**What you have to do:**
Restate word for word only the lines running from the one with "The Western Andévalo" to the end of the data, both ends included. Omit any pictures.

**Provided material:**
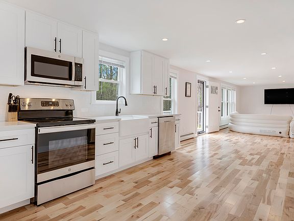 MOVE-IN to this fully remodeled 3 bedroom 2 bath house situated on a private wooded lot. This home has been renovated from the roof down through to the entire house. It's like a new house. Centrally located in the heart of The Lakes Region, it takes only 5 minutes to get to Mousam Lake Boat Launch and Public Beach. 15 minutes or less to Sanford for shopping and all your in-town amenities. This 3 bedroom Ranch offers 1st floor living with many updates, a new roof, new electric, a new on-demand heating system, a stunning new kitchen with Michelangelo Quartz countertops and stainless steel appliances. Hardwood floors throughout the main living areas. The house has been sprayed with foam insulation for high efficiency and energy savings. The Primary bedroom has an en suite bathroom complete with a custom shower. The house sits on over 2.49 acres of privately wooded level ground with beautiful stonewalls.
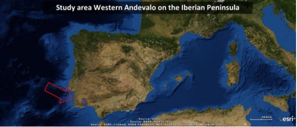 The Western Andévalo study site area is located in Huelva, the westernmost province of Andalucía, Spain. It borders with Portugal on the west and the province of Seville to the East. To the north lies the Extremadura, and to the south is the Atlantic Ocean. |
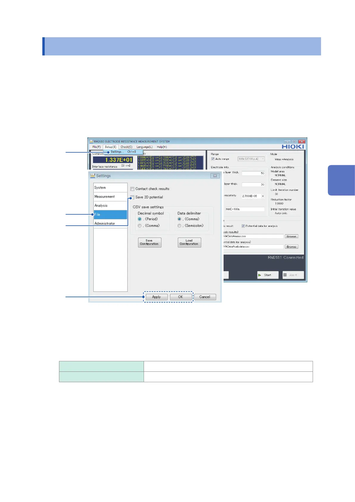 You can output a 2D potential distribution le of 5×5 potential measurements by enabling [Save 2D
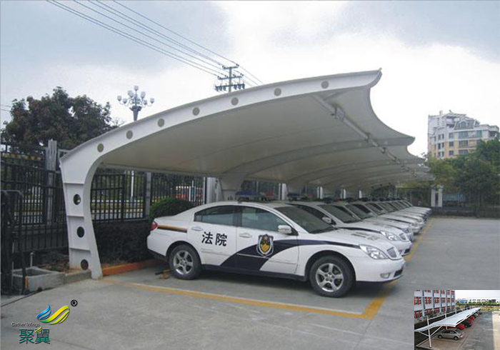 2.膜結構車棚自清潔光傳輸:建筑物膜其通常使用的,穩(wěn)定的物理性能和特別好的PVDF材料涂層具有自清潔效果的外觀,雨水可以通過本身在通常的膜塵條件洗滌,建筑物使用壽命得到保證。

**Response to this exercise:**
 The Western Andévalo study site area is located in Huelva, the westernmost province of Andalucía, Spain. It borders with Portugal on the west and the province of Seville to the East. To the north lies the Extremadura, and to the south is the Atlantic Ocean. |
 You can output a 2D potential distribution le of 5×5 potential measurements by enabling [Save 2D
 2.膜結構車棚自清潔光傳輸:建筑物膜其通常使用的,穩(wěn)定的物理性能和特別好的PVDF材料涂層具有自清潔效果的外觀,雨水可以通過本身在通常的膜塵條件洗滌,建筑物使用壽命得到保證。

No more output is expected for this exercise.